10
IT LOOKED HOPELESS TO ME. I would have made it at least ten to one that Wolfe’s unlimited conceit was going to cost us most of a night’s sleep with nothing to chalk up against it. It struck me as plain silly, and I might have gone so far as to say that his tackling that array of Africans in a body showed a dangerous maladjustment to the natural and healthy environment of a detective. Picture it: Lio Coyne had caught a glimpse of a greenjacket she couldn’t recognize standing by the end of the screen with his finger on his lips, and another servant’s face-chiefly his eyes, and she couldn’t recognize him either-peeking through a crack in the door that led to the pantry hall and on to the kitchen. That was our crop of facts. And the servants had already told the sheriff that they had seen and heard nothing.
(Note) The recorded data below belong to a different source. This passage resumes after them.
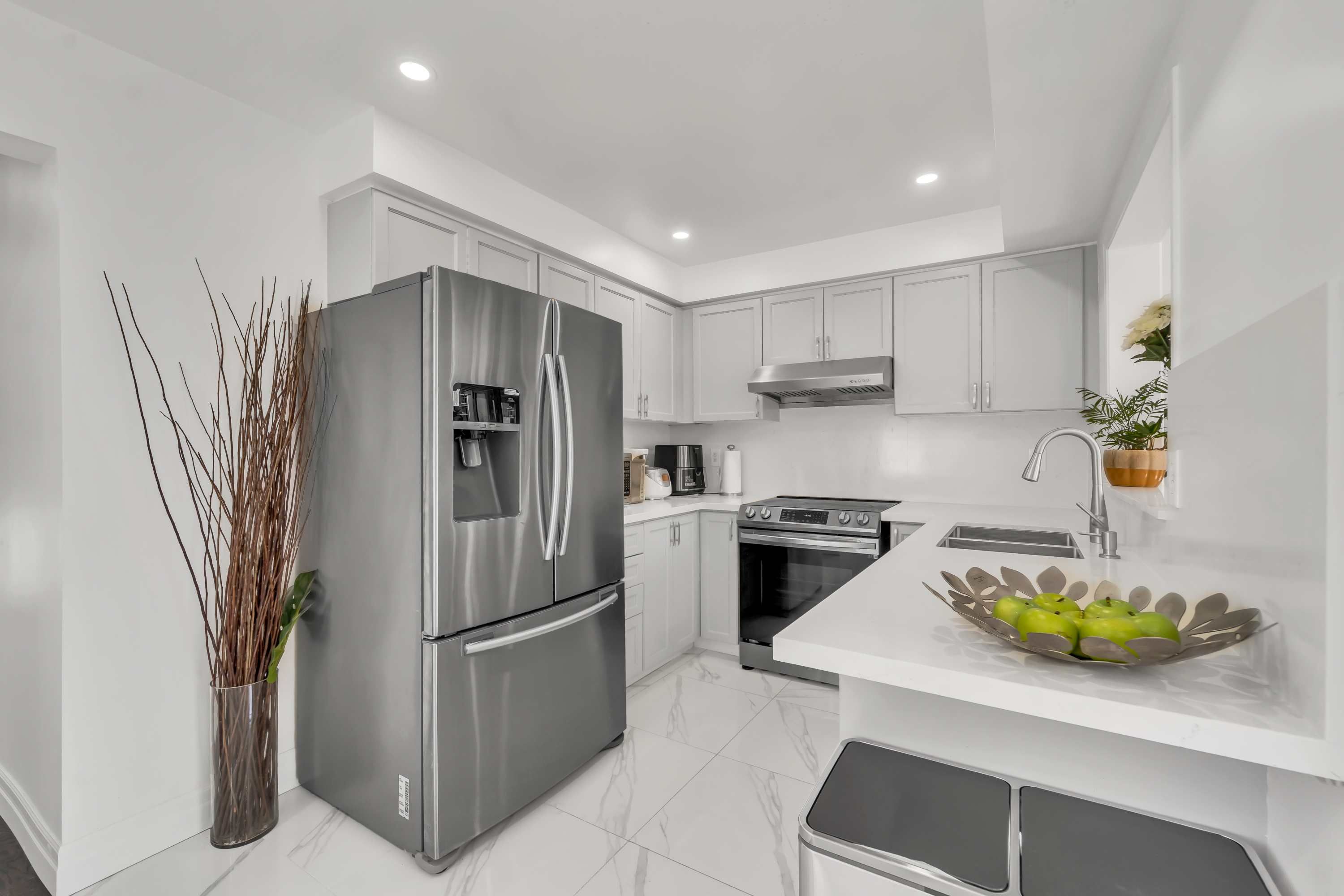 Absolutely Stunning Home, Renovated From Top To Bottom, All New Washrooms, New Flooring, New Porch, New Stairs. Access To House From Garage, Separate Entrance To W/O Basement. Double Door Entry. Conveniently Located Steps From All Local Amenities.All blinds, all Light Fixtures, 2 Fridge, 2 Stove, Washer/Dryer and Freezer
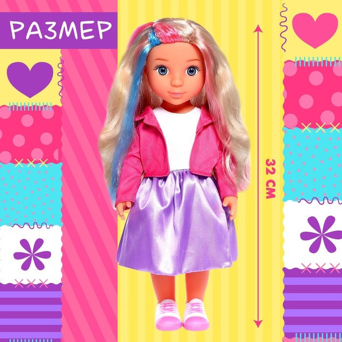 - Удобный размер. Высота куклы 32 см, поэтому она легко поместится в руке ребёнка.
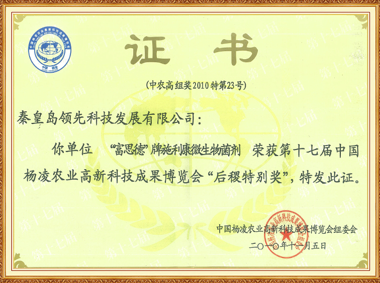“富思德”牌施利康微生物菌劑—第十七屆中國(guó)楊凌農(nóng)博會(huì)“后稷特別獎(jiǎng)”
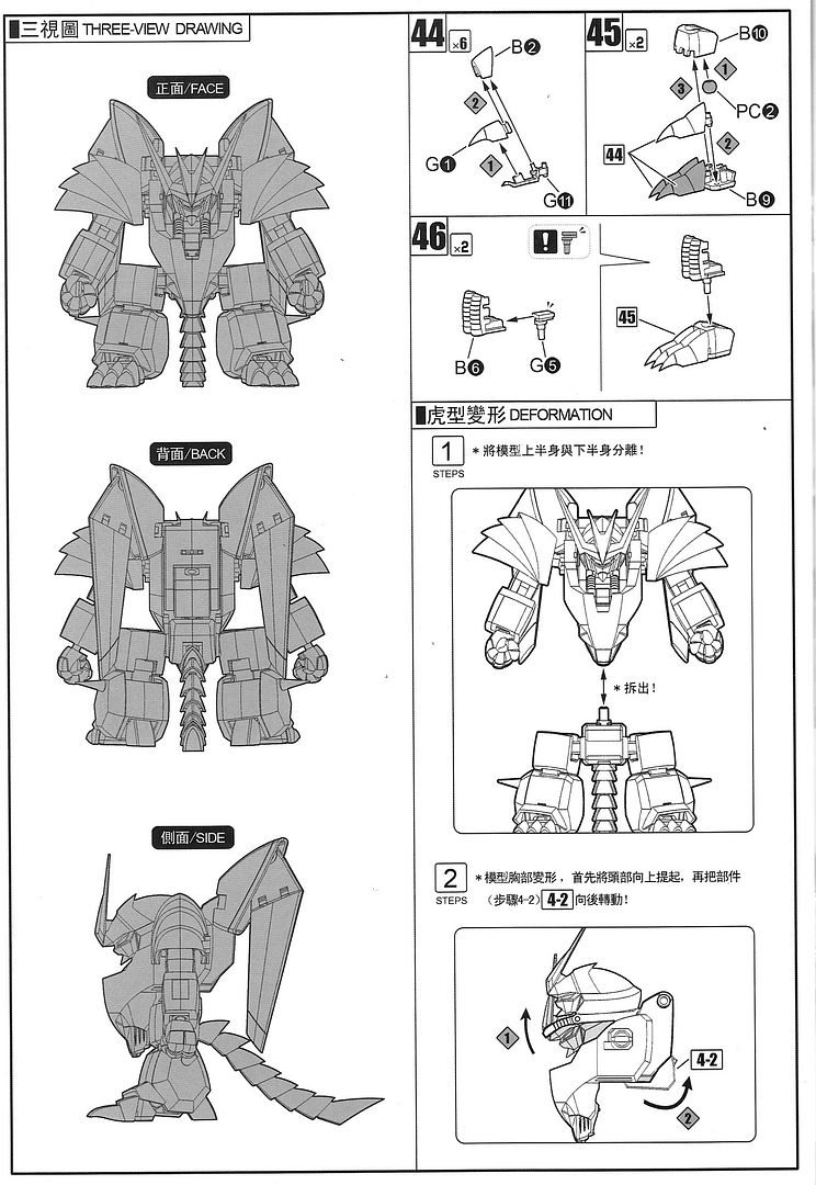 การต่อ เนื่องจากเป็นหุ่นแปลงร่าง กลไกส่วนลำตัวค่อนข้างยุ่งยากพอสมควร แต่แขนกับขาไม่มีอะไรมาก

Fat chance. There might have been a slim one if they had been taken singly, but in a bunch like that, not for my money.
The chair problem was solved by letting them sit on the floor. Fourteen altogether. Wolfe, using his man-to-man tone, apologized for that. Then he wanted to know their names, and made sure that he got everyone; that used up ten minutes. I was curious to see how he would start the ball rolling, but there were other preliminaries to attend to; he asked what they would like to drink. They mumbled that they didn’t want anything, but he said nonsense, we would probably be there most of the night, which seemed to startle them and caused some murmuring. It ended by my being sent to the phone to order an assortment of beer, bourbon, ginger ale, charged water, glasses, lemons, mint and ice. An expenditure like that meant that Wolfe was in dead earnest. When I rejoined the gathering he was telling a plump little runt, not a greenjacket, with a ravine in his chin:
“I’m glad of this opportunity to express my admiration, Mr. Crabtree. Mr. Servan tells me that the shad roe mousse was handled entirely by you. Any chef would have been proud of it. I noticed that Mr. Mondor asked for more. In Europe they don’t have shad roe.”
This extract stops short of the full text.